Thursday, April 17, 2008

Estimating Project Activity Durations

Have you ever worked on a project where a critical resource was not available when you needed it? Has a project activity been shorter or longer than you expected? How do project managers plan resources for these activities?

Activity duration estimates are an important input to project resource planning. Activity duration estimates are quantitative assessments of the likely number of work periods required to complete an activity. The estimates should include the range of possible results. Project managers use activity duration estimates as a basis for scheduling time and resources for a project.

The project manager uses the WBS to determine which activities are involved in completing the project. Then using the tools and techniques of activity duration estimating, he prepares estimates for activity duration.

The estimates include an "optimistic," "most likely," and "pessimistic estimate," listed in that order. For example, activity 1 could take 10 days to complete, will most likely take 12 days, but could take as long as 16 days.

Only the optimistic and pessimistic estimates are used by project managers to create a range of possible results. These results become your activity duration estimates. In the example given earlier, the duration estimate would be two weeks, plus or minus two days, to indicate that the activity will take between 12 and 16 days.

Project managers also calculate the probability of the estimates being correct. For example, a project manager might estimate that there is a 15 percent probability that an activity duration will exceed 3 weeks, and an 85 percent probability that it will be less than 3 weeks.

John, a project manager for Quick-as-a-Wink computer consultants, has determined the activities involved in a software development project. One of those activities is scripting the content. John determines that the scripting activity should take 240 working hours to complete. He will use these hours to calculate his activity duration estimates.

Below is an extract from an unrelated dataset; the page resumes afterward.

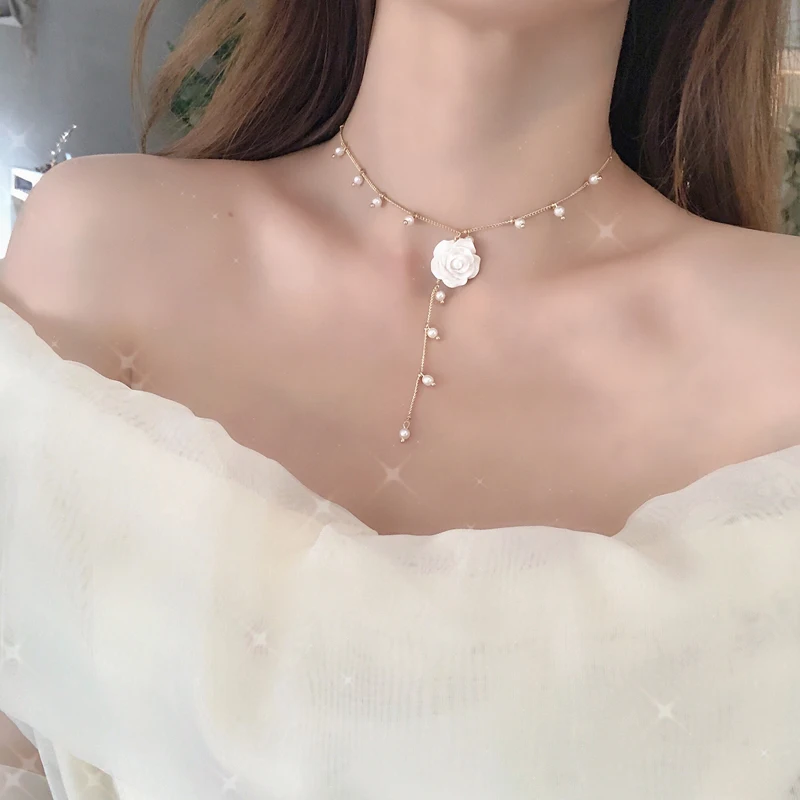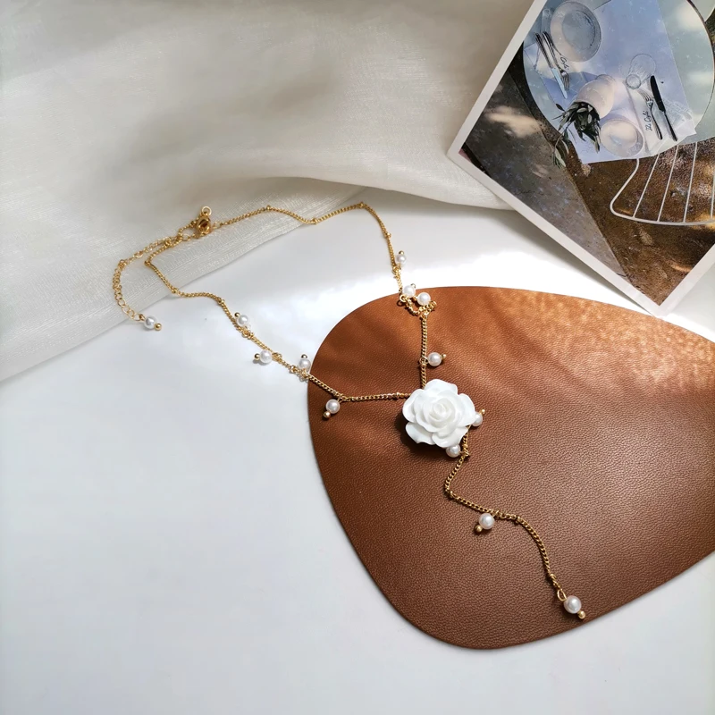 Mihan белый цветок из смолы ожерелье с подвеской милый дизайн элегантное темпераментное ожерелье с имитацией жемчуга для женщин для подарка на вечеринку

John's activity duration estimates include the duration and the probability of the estimate being correct. John estimates that the scripting activity will take six weeks ± three days. There is a 75 percent probability that the scripting activity will take more than six weeks, and a 25 percent probability that it will take less than six weeks.

Activity duration estimates form the backbone of the project schedule. A properly prepared schedule will lead to better resource planning. And better resource planning will lead to a more successful project.